Fibrous dysplasia is characterized histologically by stromal fibroblasts producing bony matrix without morphological evidence of osteoblastic cells at the periphery of the bony spicules. The osteoblastic nature of these fibroblastic cells has been suggested by electron microscopic analysis showing a lining of abnormal osteoblasts with a fibroblast-like appearance around the immature woven bone,7 and biochemical analysis showing an increase in alkaline phosphatase activity in the cells populating the fibrotic areas of fibrous dysplasia.8 In the present study, the nuclei of fibroblastic cells, as well as cells on the surface of bones, showed strong expression of Runx2, an important transcription factor for the osteogenic lineage, indicating that these cells are the osteogenic precursors. Similarly, the fibroblastic cells in ossifying fibroma also showed strong Runx2 expression in the nucleus. Both lesions could thus be interpreted as diseases of cells in the osteogenic lineage.

Immunohistochemical analysis for osteogenic markers such as osteopontin and DMP1 did not show much difference between fibrous dysplasia and ossifying fibroma; however, osteocalcin immunohistochemistry demonstrated a marked difference between the two. Osteopontin, osteocalcin, and DMP1 are abundant noncollagenous proteins of the normal bone matrix.23, 24, 25 Osteocalcin, the most abundant noncollagenous protein,24 is distributed throughout normal bone25 and has been shown by gene knockout technology to be a negative regulator of bone formation.26 The abundance of osteocalcin in fibrous dysplasia and its deficiency in ossifying fibroma suggests that the calcified material in fibrous dysplasia is more similar to normal bone than that in ossifying fibroma. This marked difference may indicate differences in bone formation and osteoblast differentiation between the two lesions.
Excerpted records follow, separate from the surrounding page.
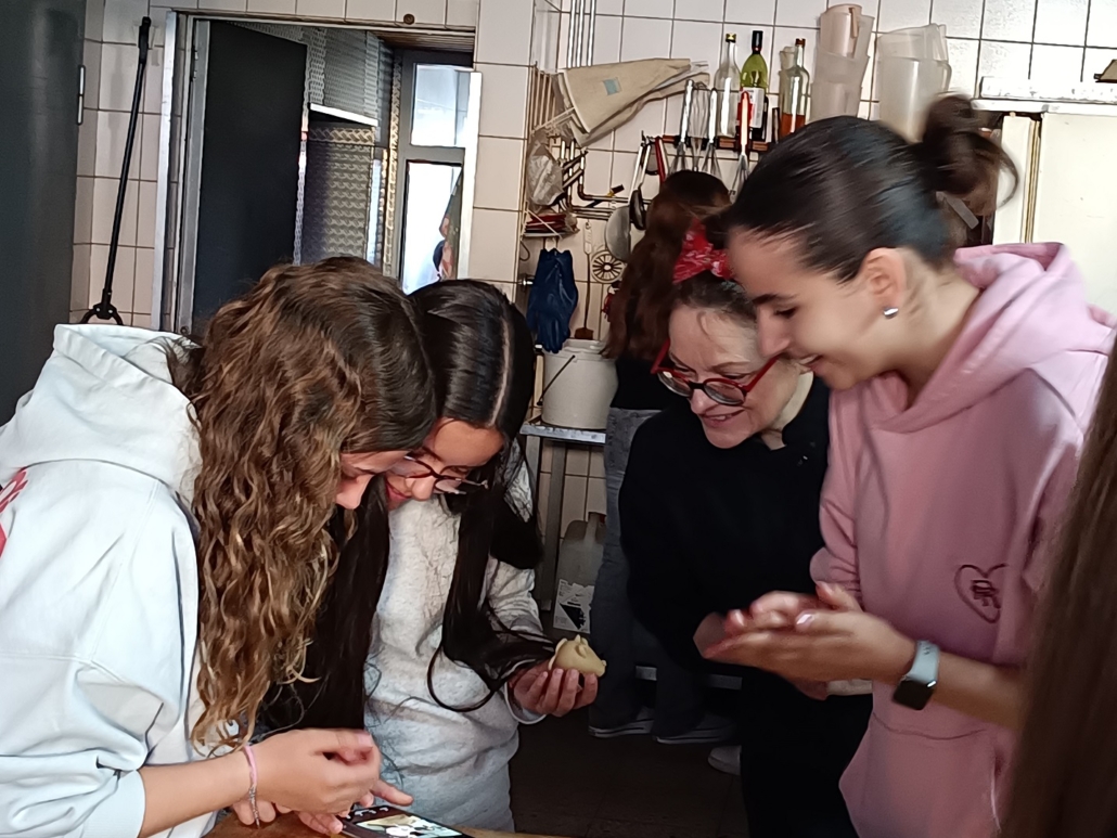 Die spanischen Austauschschülerinnen und -schüler bei ihrem Marzipanworkshop in Obernburg bei der Bäckerei Braunwarth.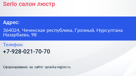Serlo, салон люстр по адресу 364024, Чеченская республика, Грозный, Нурсултана Назарбаева, 98 в дальнейшем Организация, размещена в следующих категориях: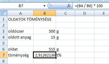 1. Készítsünk számolótáblát kémia órára, az oldatok töménységének kiszámításához!
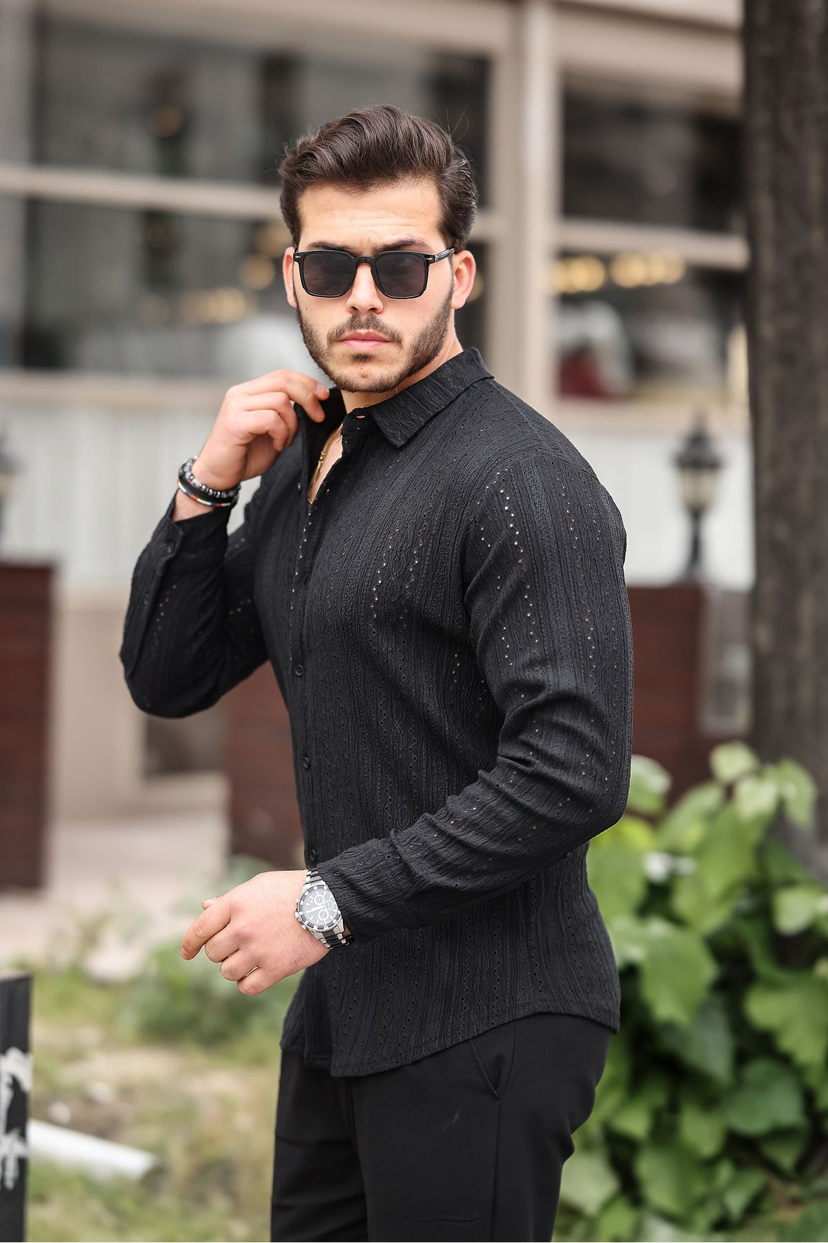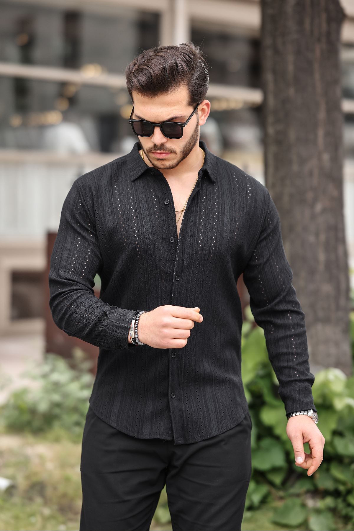 Erkek Uzun Kol Delikli Desen Örme Kumaş Regular Kalıp Kalıp Yeni Sezon Gömlek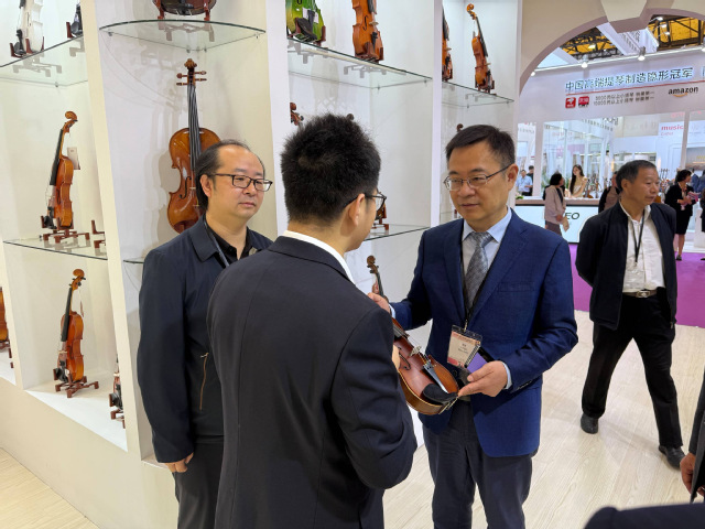 今年是继去年之后我校第二次参加中国国际乐器展。“南艺-黄桥”产学研创新乐器充分展示了我校的科研创新能力。未来,我校将与中国乐器协会、黄桥镇政府进一步深化“产、学、研、用”合作,充分发挥高校、协会与地方政府三方优势,紧密聚焦专业前沿和行业动向,不断深化在无弦小提琴、无弓小提琴等数字乐器开发、新材料和新技术研究应用、高端乐器设计制造等领域的理论研究和实践创新,共同为乐器领域的学科建设和产业发展贡献力量。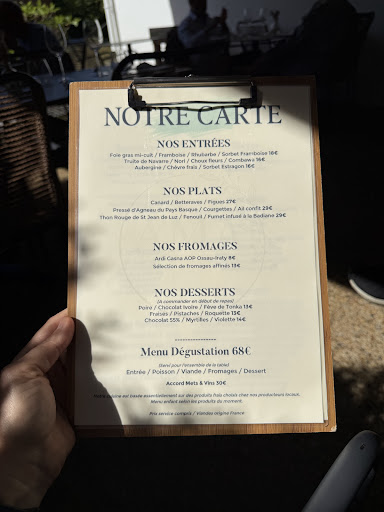 Read moreNous avions entendu parler de la bonne cuisine de ce nouveau restaurant à Cambo les bains, Nous étions deux, avec des avis partagés ce qui explique le 4 étoiles pour la note, Personnellement j'ai apprécié la cuisine et le choix de la chef sur le menu dégustation, l'attente entre les assiettes est correcte. J'avais pris l'option accord des vins sur les mets, j'ai découvert des cépages que je ne connaissais pas, c'est un bon point. Une mention spéciale pour le sorbet d'entre-plats (dont je tairais la composition). Pour l'avis de mon ami, les quantités servies étaient un peu modeste, il est resté sur sa faim, de plus une table de 7 personnes était un peu bruyante, mais le personnel du restaurant n'y est pour rien (je précise que mon ami est appareillé et que les sons rendus de ces appareils sont très au point de l'acoustique d'une salle) Toutefois au prix du menu on s'attend à une clientèle respectueuse des autres clients. On retournera bien volontiers goûter d'autres mets...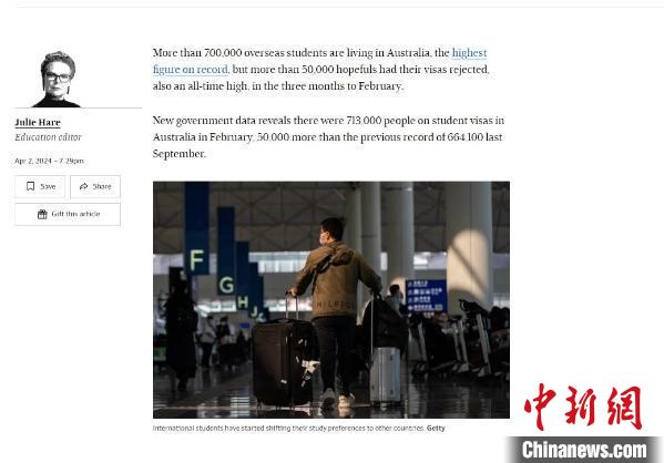 澳大利亞政府最新數(shù)據(jù)顯示,截至今年2月的三個月內,有超過5萬名申請簽證的留學生被拒。圖片來源于《澳大利亞金融評論》網(wǎng)站截圖。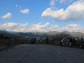 嵐山の町並みをよくみる事ができます。また、空気のきれいな冬などは、澄み切った空と山々を見る事ができます。

Analysis of GNAS mutations at the Arg201 codon was found to be useful in distinguishing between ossifying fibroma and fibrous dysplasia. The somatic nature of the mutations in fibrous dysplasia makes their identification difficult, because the mutations are not present in all cells of affected patients, even within affected organs. Therefore, a PNA-clamping method was employed in the present study.15, 20 Sequencing of the PCR-amplified fragments confirmed the accuracy of the PCR analysis using PNA, suggesting that the PCR analysis used in the present study may be a useful and easily available method for detecting GNAS mutations at the Arg201 codon.

Alterations in the tumor suppressor gene HPRT2 in ossifying fibroma have recently been reported.27 Direct sequencing of the HPRT2 revealed mutations in two out of the four cases of ossifying fibroma.27 These findings indicate that the HPRT2 mutation is not common in the development of ossifying fibroma, and therefore may not be used as a marker for diagnosis.

In conclusion, fibrous dysplasia and ossifying fibroma are similar disease entities in that both show markers consistent with the osteogenic lineage in their stromal fibroblast-like cells. They are distinct, however, in the precise composition of bone matrix, as shown by osteocalcin immunohistochemistry. Finally, PCR analysis with PNA for GNAS mutations at the Arg201 codon is a potentially useful method to differentiate between the two.